### DIRECTIONS FOR THIS TASK:
Repeat every entry word for word; omit all pictures.

[ENTRIES SHOWN — start]

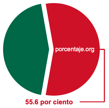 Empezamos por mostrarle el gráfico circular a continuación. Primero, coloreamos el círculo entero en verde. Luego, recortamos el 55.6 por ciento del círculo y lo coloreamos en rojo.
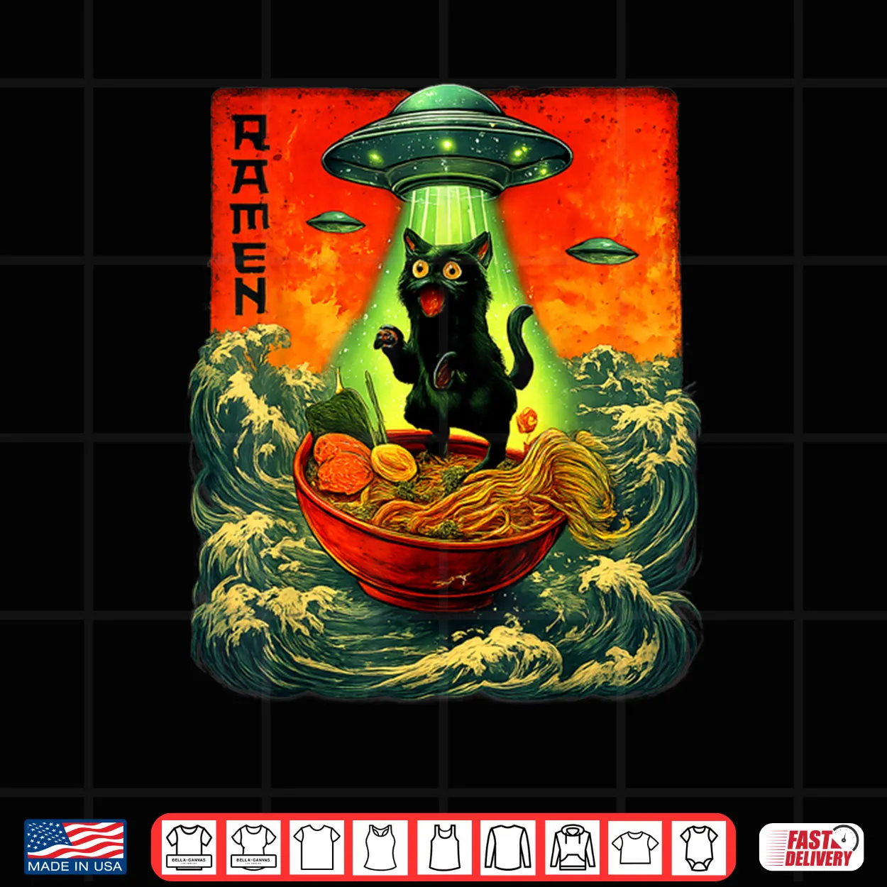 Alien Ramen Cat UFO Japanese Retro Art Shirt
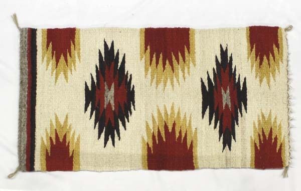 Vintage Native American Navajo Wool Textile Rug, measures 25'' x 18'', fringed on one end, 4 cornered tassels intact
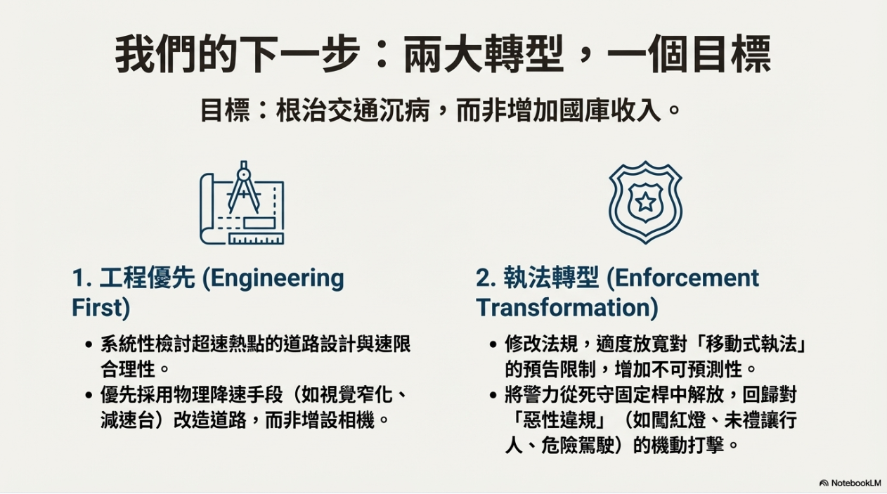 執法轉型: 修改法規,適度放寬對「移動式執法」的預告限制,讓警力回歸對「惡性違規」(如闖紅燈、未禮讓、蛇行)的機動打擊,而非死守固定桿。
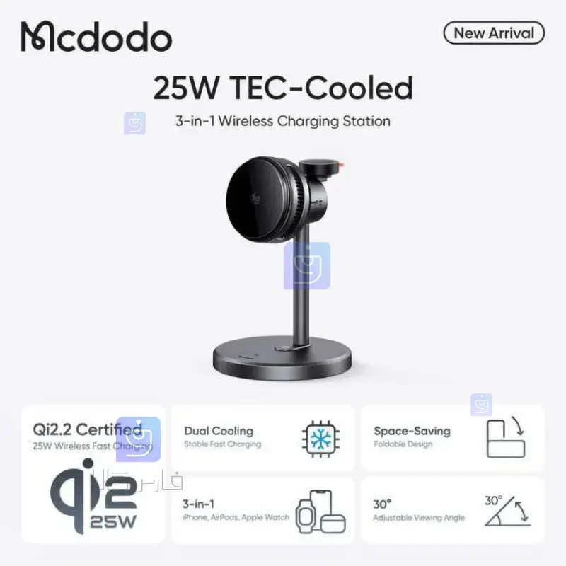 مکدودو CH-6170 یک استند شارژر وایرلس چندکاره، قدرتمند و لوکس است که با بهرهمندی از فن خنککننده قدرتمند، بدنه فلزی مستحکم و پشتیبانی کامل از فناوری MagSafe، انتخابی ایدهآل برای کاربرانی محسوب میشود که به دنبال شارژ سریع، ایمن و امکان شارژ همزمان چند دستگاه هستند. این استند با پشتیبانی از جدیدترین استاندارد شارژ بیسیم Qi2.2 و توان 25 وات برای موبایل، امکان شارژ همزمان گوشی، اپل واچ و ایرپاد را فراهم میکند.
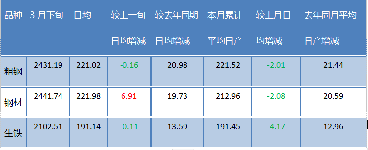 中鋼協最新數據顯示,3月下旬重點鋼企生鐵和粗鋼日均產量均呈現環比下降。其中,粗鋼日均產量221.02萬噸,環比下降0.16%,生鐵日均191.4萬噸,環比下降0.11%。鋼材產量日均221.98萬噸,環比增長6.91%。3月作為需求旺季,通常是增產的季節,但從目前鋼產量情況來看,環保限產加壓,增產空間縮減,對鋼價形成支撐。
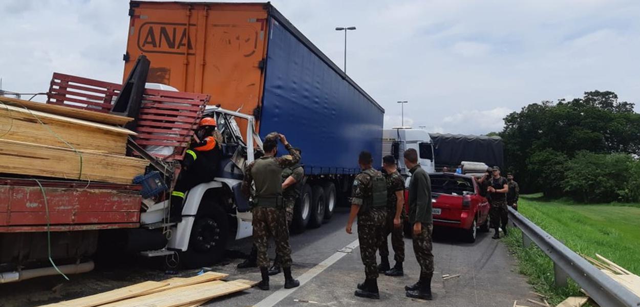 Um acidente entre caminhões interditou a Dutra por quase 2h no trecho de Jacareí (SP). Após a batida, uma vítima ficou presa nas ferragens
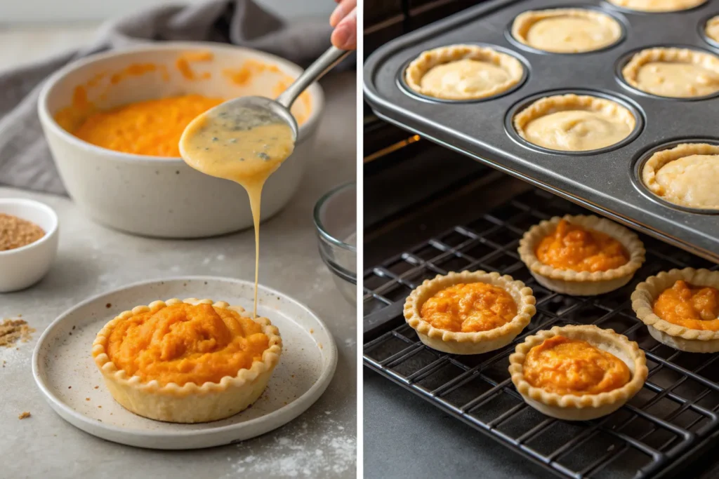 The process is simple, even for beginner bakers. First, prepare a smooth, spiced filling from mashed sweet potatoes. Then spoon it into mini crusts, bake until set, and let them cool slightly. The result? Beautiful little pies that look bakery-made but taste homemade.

[ENTRIES SHOWN — finish]

### RESPONSE TO THE TASK:
 Empezamos por mostrarle el gráfico circular a continuación. Primero, coloreamos el círculo entero en verde. Luego, recortamos el 55.6 por ciento del círculo y lo coloreamos en rojo.
 Alien Ramen Cat UFO Japanese Retro Art Shirt
 Vintage Native American Navajo Wool Textile Rug, measures 25'' x 18'', fringed on one end, 4 cornered tassels intact
 執法轉型: 修改法規,適度放寬對「移動式執法」的預告限制,讓警力回歸對「惡性違規」(如闖紅燈、未禮讓、蛇行)的機動打擊,而非死守固定桿。
 مکدودو CH-6170 یک استند شارژر وایرلس چندکاره، قدرتمند و لوکس است که با بهرهمندی از فن خنککننده قدرتمند، بدنه فلزی مستحکم و پشتیبانی کامل از فناوری MagSafe، انتخابی ایدهآل برای کاربرانی محسوب میشود که به دنبال شارژ سریع، ایمن و امکان شارژ همزمان چند دستگاه هستند. این استند با پشتیبانی از جدیدترین استاندارد شارژ بیسیم Qi2.2 و توان 25 وات برای موبایل، امکان شارژ همزمان گوشی، اپل واچ و ایرپاد را فراهم میکند.
 中鋼協最新數據顯示,3月下旬重點鋼企生鐵和粗鋼日均產量均呈現環比下降。其中,粗鋼日均產量221.02萬噸,環比下降0.16%,生鐵日均191.4萬噸,環比下降0.11%。鋼材產量日均221.98萬噸,環比增長6.91%。3月作為需求旺季,通常是增產的季節,但從目前鋼產量情況來看,環保限產加壓,增產空間縮減,對鋼價形成支撐。
 Um acidente entre caminhões interditou a Dutra por quase 2h no trecho de Jacareí (SP). Após a batida, uma vítima ficou presa nas ferragens
 The process is simple, even for beginner bakers. First, prepare a smooth, spiced filling from mashed sweet potatoes. Then spoon it into mini crusts, bake until set, and let them cool slightly. The result? Beautiful little pies that look bakery-made but taste homemade.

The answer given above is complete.